On torture and rogue cops and soldiers

Rogue cops - INQUIRER.net, Philippine News for Filipinos


In its recent editorial, the Philippine Daily Inquirer stated that 13 cases of torture had been filed against members of the Philippine National Police and the Armed Forces of the Philippines since January 2009, citing the Commission on Human Rights. I doubt the stats. The unrecorded crimes committed by law enforcers cum law breakers surely outnumber the recorded stats. Victims do not report anymore to the police stations out of fear. If ever, they prefer to approach their catholic parish priests or protestant pastors.

The editorial stated: "...It is most likely that many more incidents of heinous behavior on the part of law enforcers have yet to see the light of day, because their victims simply chose to keep their mouths shut out of fear and concern for their well-being. And this, more than the sickening sight of the torture itself, is the point driven home by the recent video clip shown on TV of a Manila police precinct commander inflicting extreme physical pain on a naked and bound hold-up suspect he was interrogating."

World media, e.g. CNN, has reported on the Tondo video of a police officer torturing a suspect, focusing, of all places, on his penis...as if, the fantasies of the cruel officer, who projected an image of a macho man, depended on the pain he was inflicting on the suspect's private anatomy.

The editorial made known what ordinary Filipinos have been asking since time immemorial, thus:

1. "Why does it parade apprehended suspects before the press and TV cameras, violating these people’s right to be presumed innocent? That constitutional right overrides any public-relations need by the PNP, however acute, to buff itself up in hopes of convincing a skeptical public that it is doing its job."

2. "Why are suspects often allowed to be manhandled in front of the cameras by the victims, their relatives, the policemen themselves, or all of them together?
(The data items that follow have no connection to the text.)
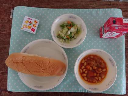 今日の献立は,味つけコッペパン・牛乳・大豆と鶏肉のトマト煮・アスパラガスのソテー・チーズです。
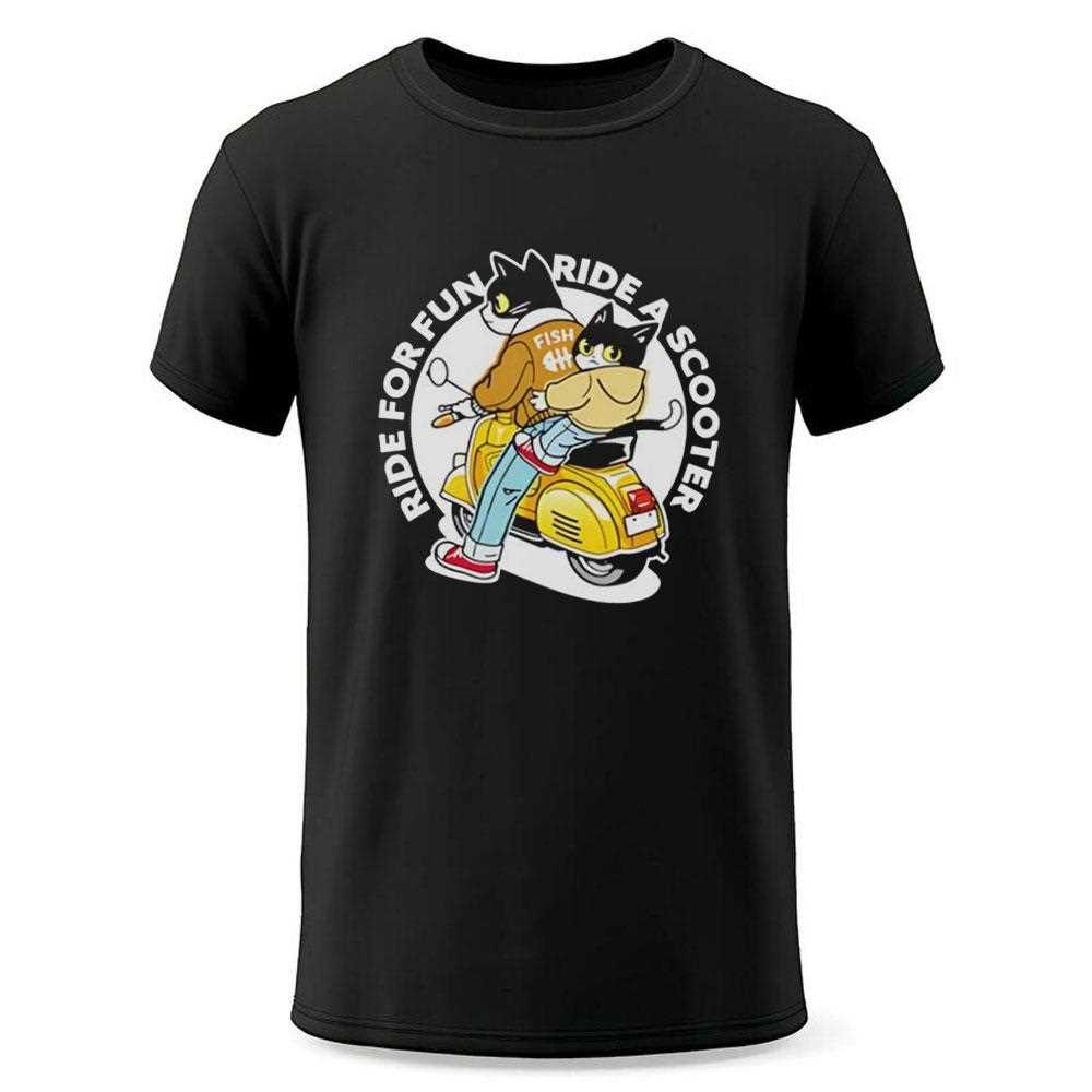 Add a burst of joy to your day with this ultra-colorful “Scooter Cats” design. Featuring adorable felines riding vibrant scooters through a stylized city landscape, this shirt is all about fun and positivity. The “candy color” palette uses bright yellows, pinks, and blues to create a cheerful aesthetic that is perfect for summer or casual outings. It’s a whimsical piece that appeals to cat lovers and fans of quirky, artistic illustrations. The layout is balanced and full of life. Ride in style with the Candy Color Scooter Cats Fun City Ride Tee now!. T-shirt !
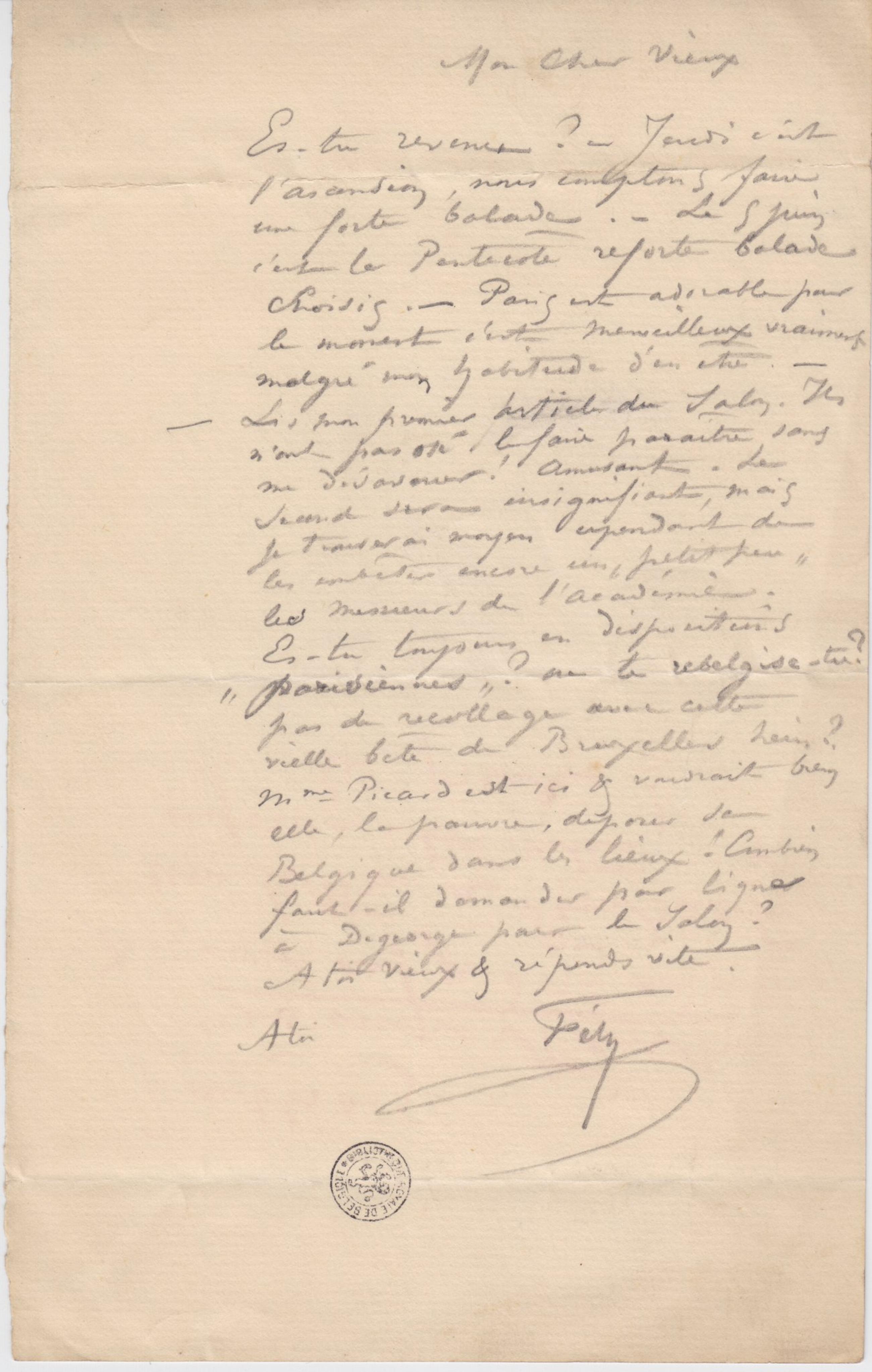 – Lis mon premier article du Salon. Ils n’ont pas osé le faire paraître sans me désavouer ! Amusant. Le second sera insignifiant, mais je trouverai moyen cependant de les embêter encore un « petit peu » les Messieurs de l’Académie. Es-tu toujours en dispositions « parisiennes » ? ou te rebelgise-tu ? pas de recollage avec cette vieille bête de Bruxelles hein ? Mme Picard est ici & voudrait bien elle, la pauvre, déparer sa Belgique dans les lieux ! Combien faut-il demander par ligne à Degeorge pour le Salon ?
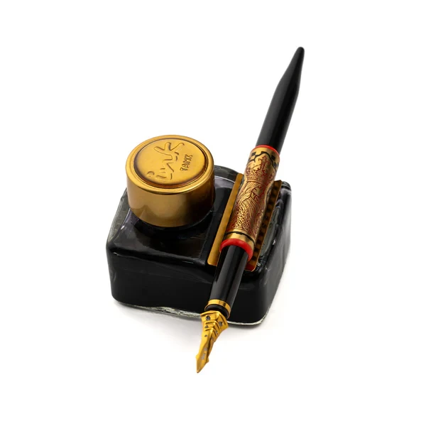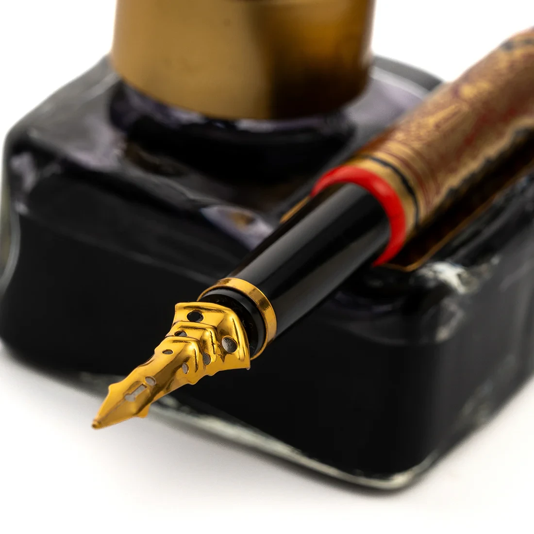 The pen body is glossy epoxy resin while the barrel is brass electro plated with a satin rose gold finish. Ideal to create a look for your desk, these holder dip pens offer smooth writing and holds enough ink to write an entire sentence. An ornate ink tank accompanies these pens, which also acts as a stand. The base has a clear acrylic top with a chess board motif and a black bottom and completes this set of chess inspired pens.

The visceral need for retribution on the part of the victims is understandable, but it is not a license to brutalize suspects, or for the police to abet the acts of reprisal either by their participation or inaction."

3. "Why do many alleged shootouts announced with much fanfare by the PNP eventually turn out to be murkier and less airtight than they are made out to be? Many of these so-called gun battles that have led to the deaths of prized suspects with valuable knowledge of extensive criminal operations have spawned charges of rubouts and summary executions, the Ivan Padilla case being the latest troubling example."